The OBR is forecasting that revenue from stamp duty will rise from £8.9bn this year to £16.8bn in 2018-19, for example. TaxPayers’ Alliance research showed why that will happen. If prices rise as the experts at Savills predict they will, we can expect four in every five homes to be subject to stamp duty and two in every five to be subject to the punitive rates of 3 per cent and above by 2017-18.
That might sound like good news for the Treasury. It will have more revenue to play with. But the backlash is going to grow as moving becomes more and more expensive. There are a lot of young people who are finding that stamp duty is compounding the problems created by a failure to allow enough homes to be built. Their parents are unhappy at having to stump up the money to help them and will face a stamp duty bill of their own when they come to downsize.
And if anything happens to that property market, the chancellor is in serious trouble. The fundamentals are strong but it is easy to imagine circumstances in which demand would weaken. Perhaps because of changes in the external environment, like fewer French people fleeing to South Kensington if Francois Hollande gives up on his socialist experiment. Perhaps because of an increase in interest rates from the rock-bottom they have sat at for years now. Or even because of measures announced in the Autumn Statement itself. We do not know how potential buyers abroad will react to being told that they will now have to pay capital gains tax on any gains in the value of their property here.
George Osborne needs a broad, robust recovery and it is supply-side reforms, not junkets to China, which can make that possible.

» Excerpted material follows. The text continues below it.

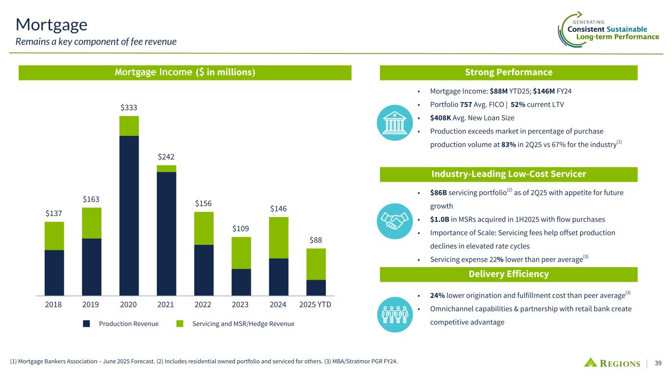 38 Wealth Management NIR(1) ($ in millions) The Voice of the Regions Wealth Client • Continued Strength. Institutional Services Voice of the Client metrics remain strong: ratings on all key loyalty metrics rose compared to prior year. These results are driven by an increase in 5-star scores from clients who are fully satisfied with their consulting team and experience. ◦ The primary indicator of client satisfaction is the Relationship Management Index, or RMI. For 2025, the RMI rose by 4 points and stands at 87% - up from 83% last year. • Impact of the Team. ◦ Clients are very satisfied with their team – 93% of clients gave their primary point of contact a 5-star rating. The majority of clients identified their Relationship Consultant as their primary point of contact. ◦ Satisfaction with other contacts also showed growth. When asked how satisfied clients were with their Portfolio Manager 93% scored completely satisfied, 2% higher than 2024. • Focus on Action. Piloted new Voice of Client survey to Investment Solutions clients.Expansion of the survey to come in 2H 2026. The Client Experience Every client is unique and deserves a tailor-made path to confidently reach their evolving financial goals. Wherever you are, and wherever you are going, we offer a dedicated team, specialized expertise, and investment guidance to help you manage and grow wealth. • Managing Wealth for Individuals and Institutions • Advice & Guidance / Planning / Consultative Approach • Solutions: Wealth Planning, Retirement Planning, Trust & Estates, Digital Investing, Natural Resources & Real Estate, Philanthropic Solutions, Investment Management, Funeral Trust, Custody, Escrows, Corporate Trusts, Business Succession, Brokerage and Life Insurance $306 $322 $337 $382 $419 $451 $495 $235 $243 $253 $278 $297 $313 $338 $71 $79 $84 $104 $122 $138 $157 Investment Management & Trust Fees Investment Services Fee Income 2018 2019 2020 2021 2022 2023 2024 (1) WM NIR does not include the top of company portion of service charges on deposit accounts and similar smaller dollar amounts that are also attributable to the WM segment. (2) YoY comparisons as of June 25' unless otherwise noted. (3) Client Assets consists of AUA, Brokerage Assets and Annuity Assets. (4) May 25' vs. May 24'; Total WM Relationships consists of Total Private Wealth Households, Institutional Accounts, and Investment Services Accounts. Wealth Management Specialized expertise and tailored investment guidance to manage and grow wealth 8.3% CAGR Growing our Wealth Management Business(2) +1% Total Client Assets(3) +8% Total WM Relationships(4) +9% WM NIR(1) The Value We Bring To Our Clients

Either there are big plans for the Budget next year, or Osborne believes that he has already done what he needs to.
In this Autumn Statement, the policies announced were mostly good news but pretty underwhelming. Business rates are going to rise a bit less than expected. Employers’ National Insurance contributions will be cut for workers under 21 years old.
And the government claims that changes to energy policy will save families £50 a year on their energy bill, but a significant part of that is a change in how the measures are financed. The bill is the same, but you pay for it through your taxes rather than your energy bill. The government has done nothing about the major energy policies driving up bills and has increased the subsidies on offer for already exorbitantly expensive offshore wind turbines.
The best news is that the government is now conducting dynamic analysis for at least some of its policy announcements. A new report produced by HMRC using a Computable General Equilibrium Model suggests that the corporation tax cuts the government has made will increase GDP by £12.2bn and wages by £405 to £515 for every household in Britain. A full 60 per cent of the revenue cost of the tax cuts will be recouped thanks to that new economic activity.
The model still needs work and still understates the gains from cutting corporation tax. But if the same approach were applied to a much greater range of policies and in a much more systematic way, it could be incredibly important. If the Treasury took the improvement in economic performance that comes with supply-side reforms seriously, it would set the stage for the serious tax reform that Britain so desperately needs.
Matthew Sinclair is chief executive of the TaxPayers’ Alliance.